Keesha Polonio, associate director of the Tampa Underground Network, stressed that it's vital for Christians to consider the image of the curtain in the temple being torn when Christ was crucified, particularly their role as priests.
"We need to remember that the veil was split in two and that now I, you, we can interact and engage with the Holy One. We have direct access," she said, referencing 1 Peter 2:9 in which Apostle Peter speaks of God's people being a royal priesthood.
"But I wonder if the Church has forgotten this?" she posited. "Will the Church give everyone an opportunity to live out their responsibility as a priest?"
That might mean for churches to give up their freedom to dream in order that the dreams of others can live, she suggested.
What this would look like, she said, would mean "we'd let the voices of the people we seek to serve to dictate our programs and our infrastructure and not the other way around. And don't let our fear and the risky nature of freedom constrict us and control us.
"We have to suspend the idea that our way is the right way. We have to give up our bent toward micromanaging" and instead release people to do what God has called them to do, she stressed.
In many respects the Church — and its insistence upon specific structures — needs to get out of the way, she said.
In Polonio's ministry, she said they try to see everyone as priests. Her "parish," she said, is in strip clubs as she ministers to women ensnared in the sex industry. On any given Friday when she gives altar calls it is to music blaring overhead, surrounded with the smells of drugs and alcohol.
"My sermons are small. And they start with makeup tutorials" she said, as people often ask her about her hair and what products she uses.
"But at the end, I get to remind them of the truth, in 1 John, that there is a God who sees them, who knows them and is calling them out of their darkness into a wonderful light.

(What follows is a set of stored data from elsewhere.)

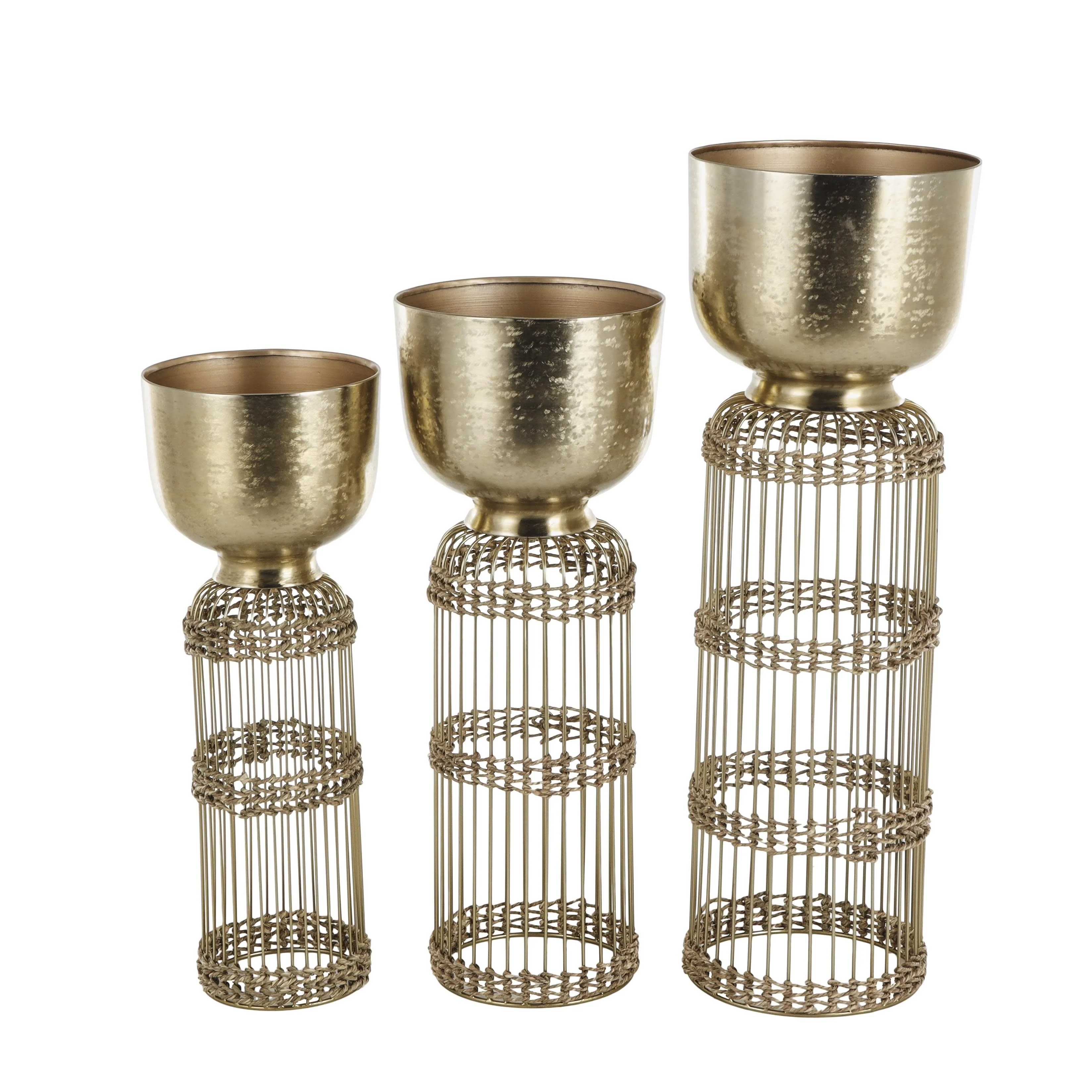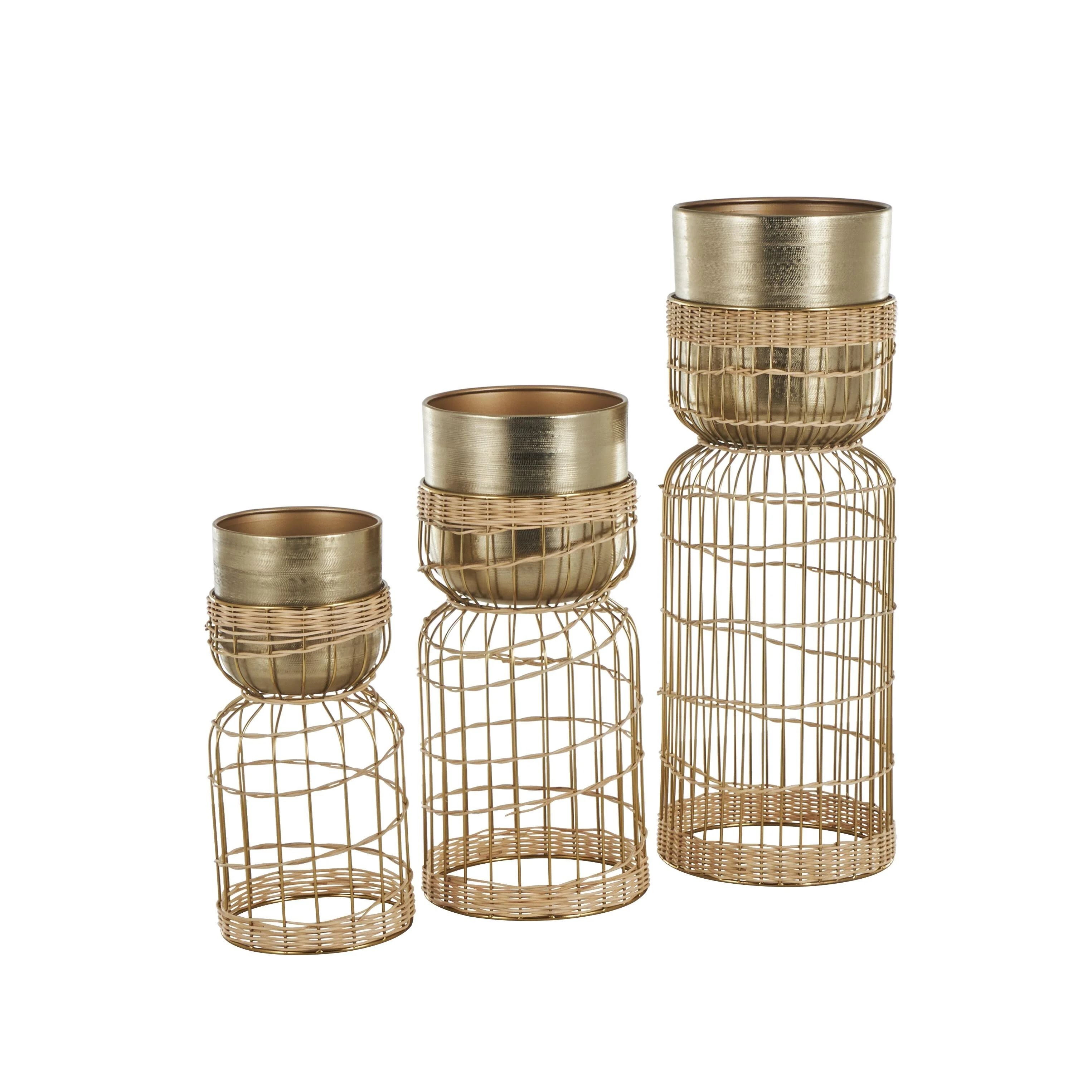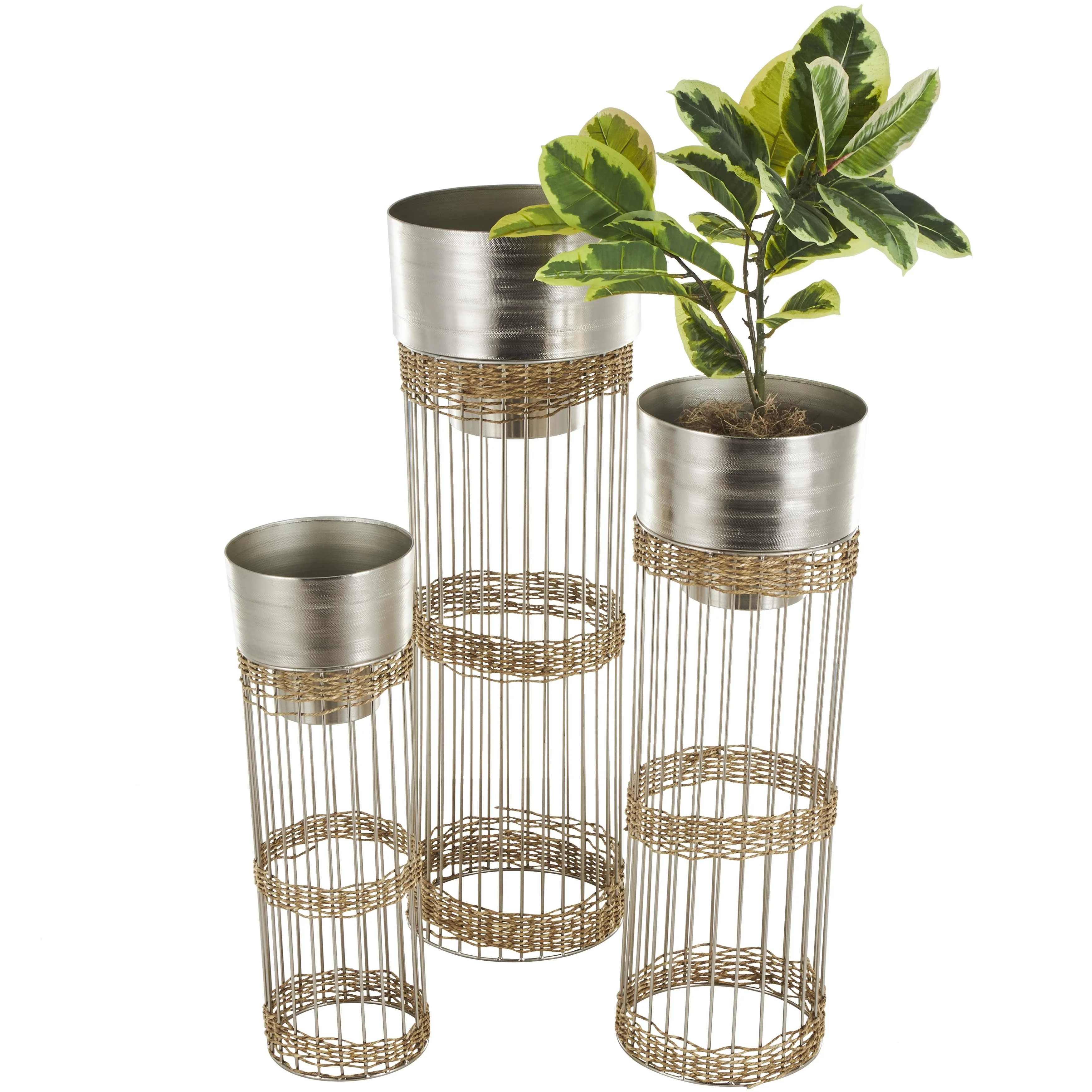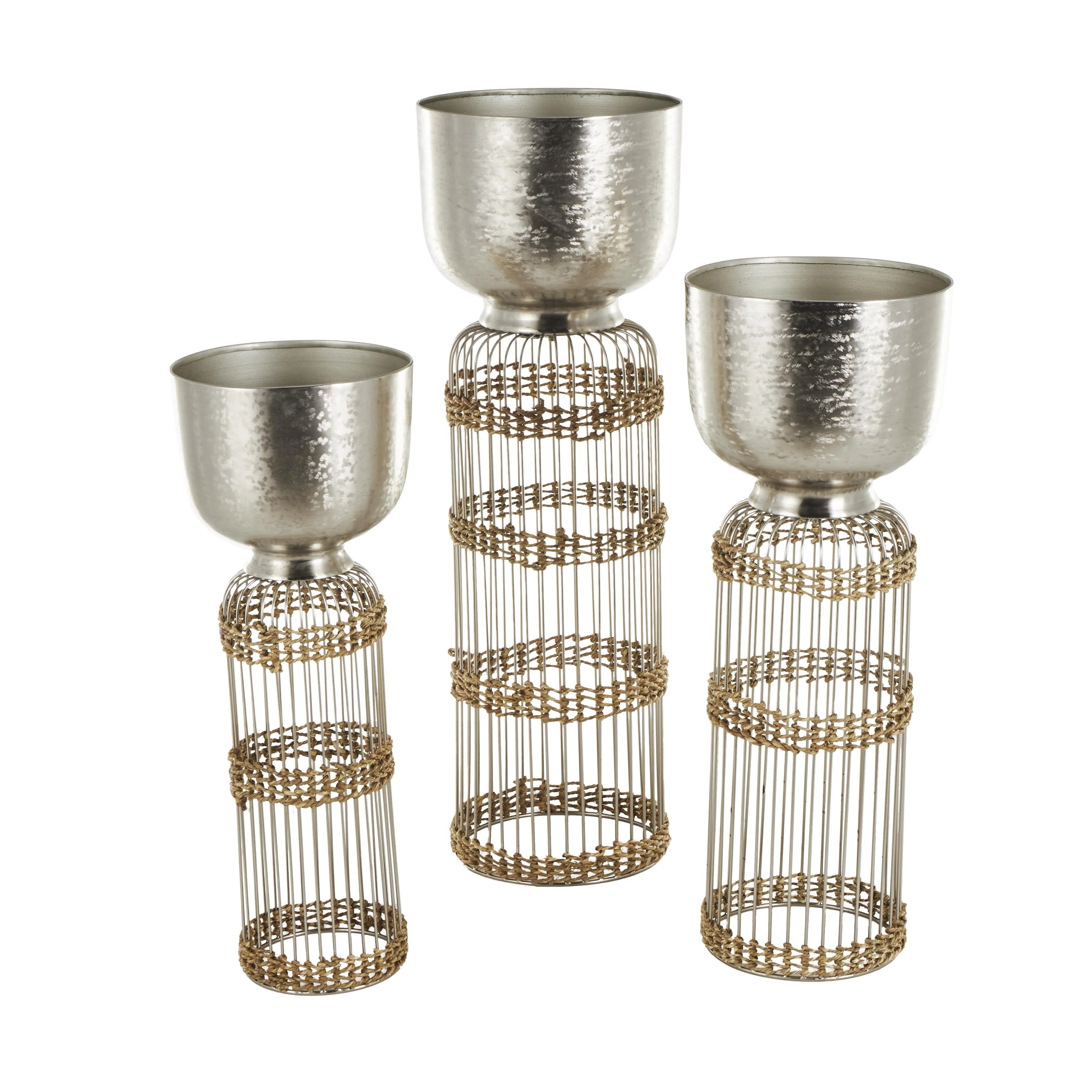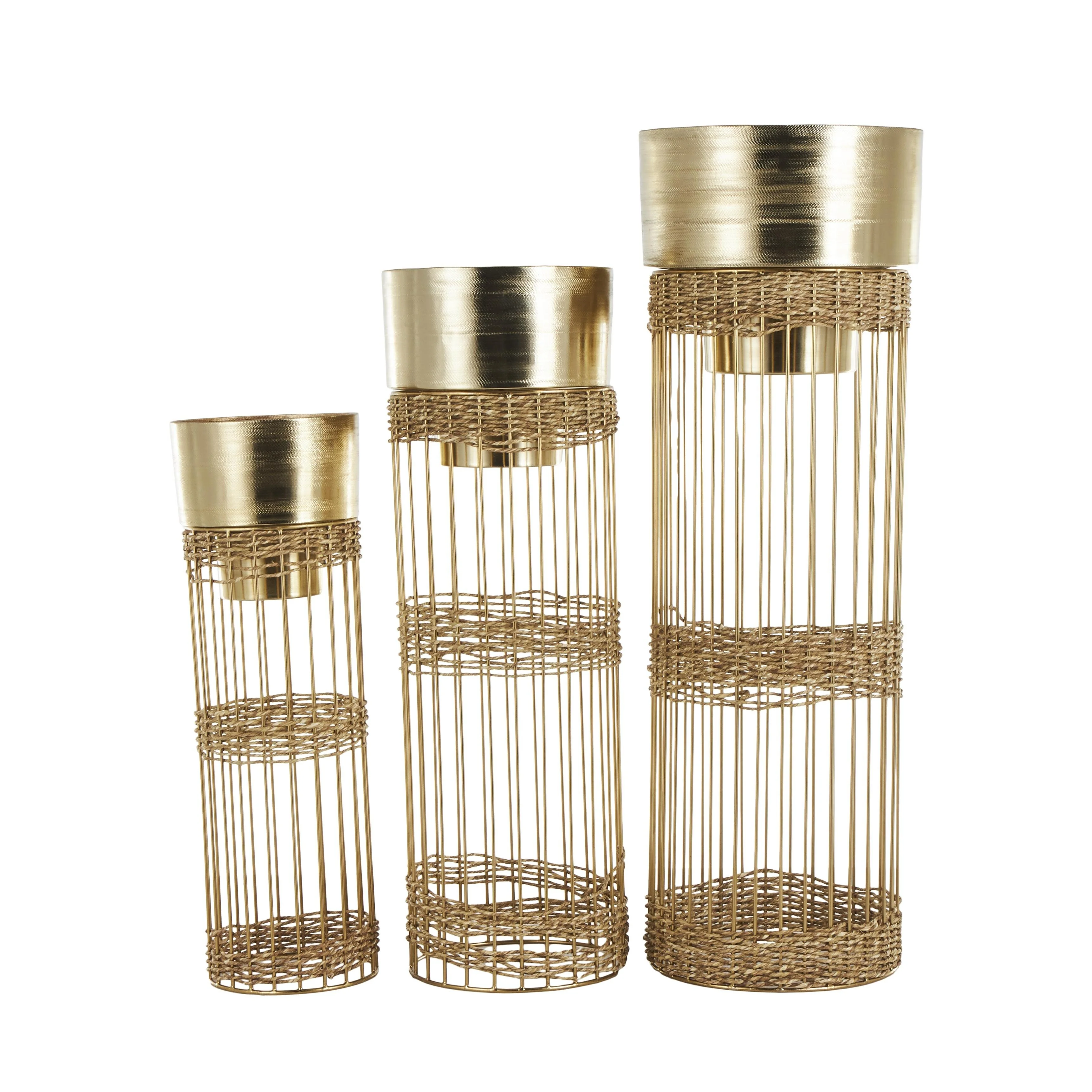Metal Textured Dome Indoor Planter with Woven Seagrass or Rattan and Cage Rod Base - Set of 3 Gold or Silver - Roche River Decor
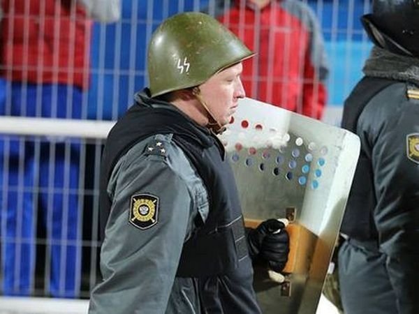 На матче «Спартака» нашли полицейского в каске с нацистской символикой
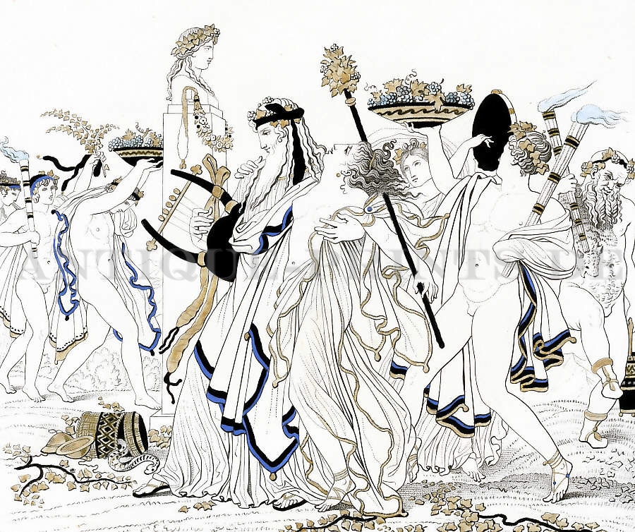 Grèce Ancienne. Gravure sur cuivre dessinée et gravée par Tommaso Piroli. 1804. Rousseurs. Aquarellée à la main. 15,5x10,5cm. Montée sous passe-partout.
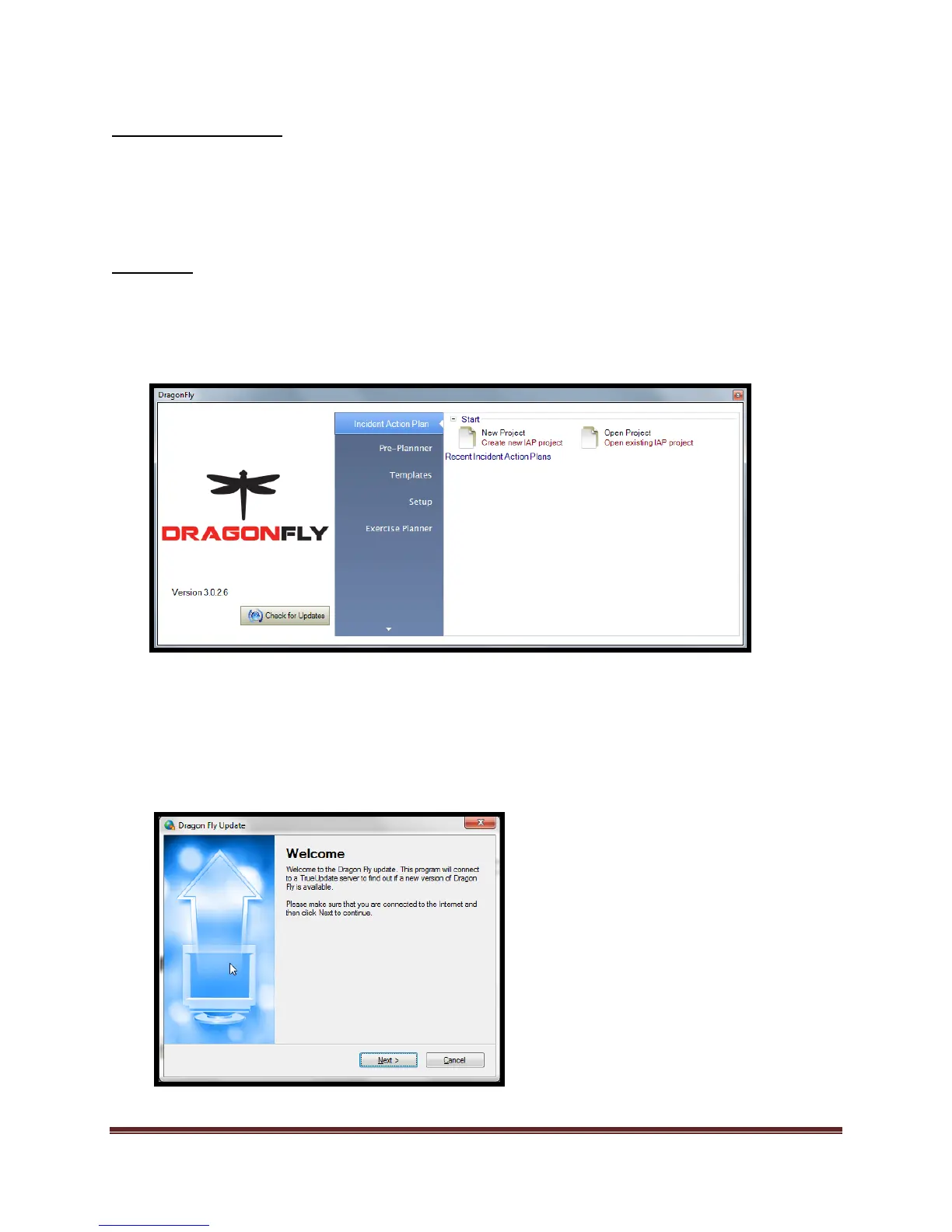 A feature of Dragonfly™ is the ability for the user to check for updates to the program. An
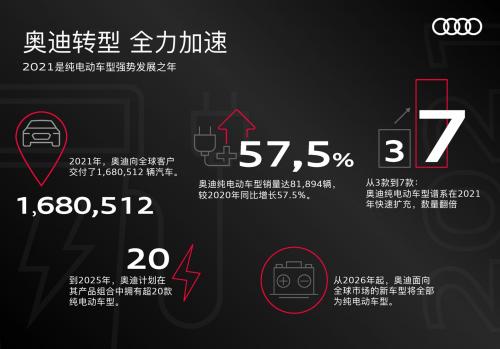 同时,奥迪的纯电动车型阵容在2021年从3款上升至7款。2021年,奥迪纯电动车型销量达81,894辆,同比增长57.5%。到2025年,奥迪计划共推出超过20款纯电动车型。从2026年起,奥迪面向全球市场的新车型将全部为纯电动车型。
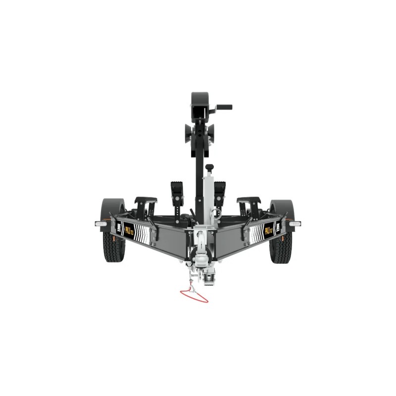 Rama przyczepy wykonana jest z lekkich, skręcanych profili aluminiowych, co ułatwia serwis i zwiększa odporność na korozję. Zastosowanie podwójnego dyszla z osłonami wewnętrznymi skutecznie chroni transportowaną jednostkę przed wodą i zanieczyszczeniami z drogi.
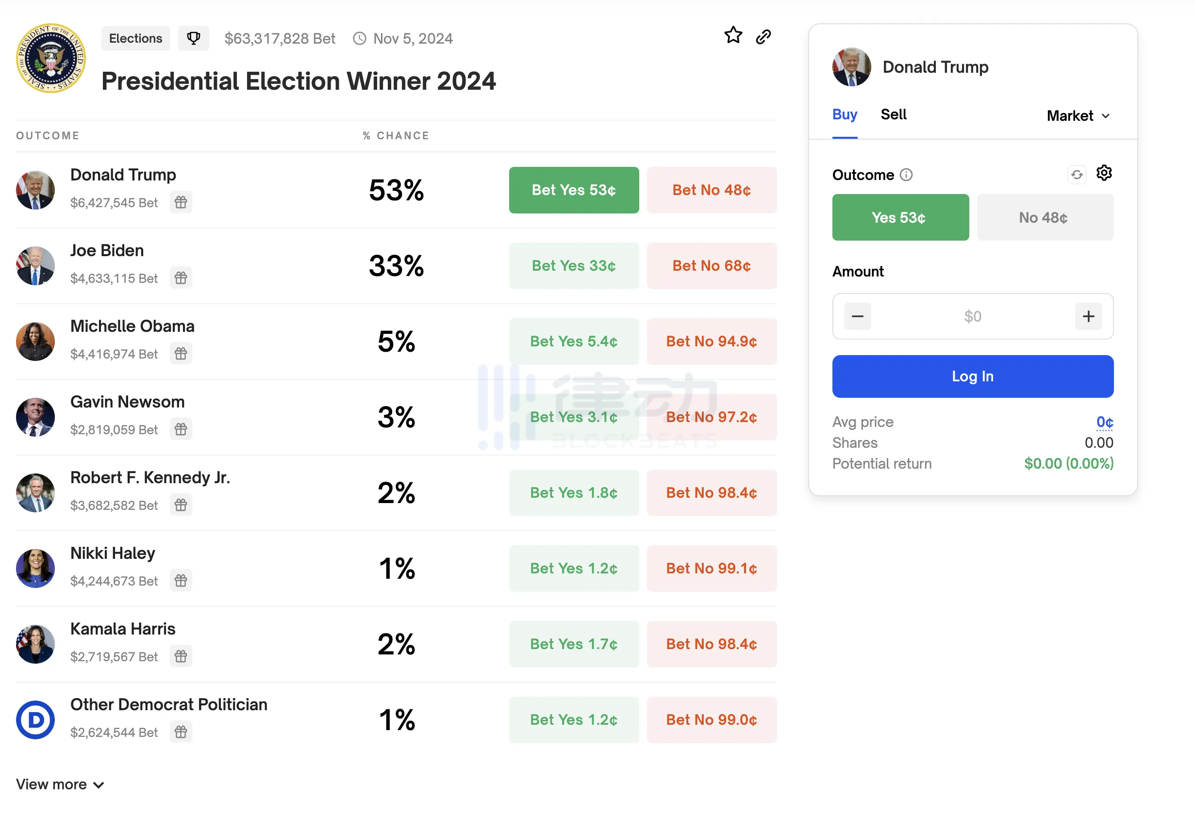 特朗普已经连续几次在其创办的媒体 Truth Social 上转发他在 Polymarket 上的赔率。截至撰稿时,此次预测的全部赌注达到了 6331 万美元。
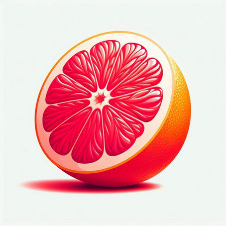 cut bright red orange half grapefruit in the sun light
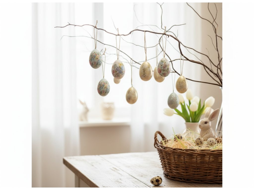 Bílé a zlaté přívěsky na vajíčka je jedinečná sada, která vám umožní připravit jakýkoli interiér na Velikonoce. Sada obsahuje 8 kusů dekorativních přívěsků, které vám pomohou dotvořit nejen aranžmá vašeho domova, ale také kompozici velikonočního ubrusu nebo svátečního košíku.
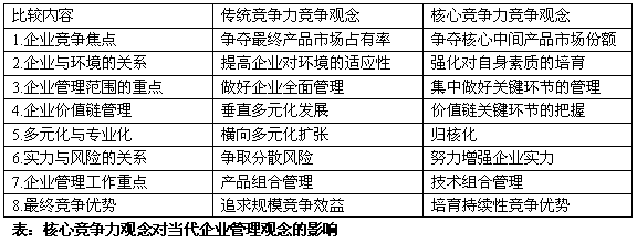 (2)核心競爭力觀念對當(dāng)代企業(yè)管理理念的影響

Our missional future hinges on the Church remembering that the veil is torn, that we are all a priesthood of believers, a community of sent ones.
"We have simple ecclesiology," she said, "Worship, mission, and community. Wherever those three things come together, that is the church."
When everyday people realize that they are priests they are empowered to do whatever it is that God has called them to do and the church infrastructure supports to come alongside them, she said.
The Awakenings Conference was a three-day event that concluded March 30.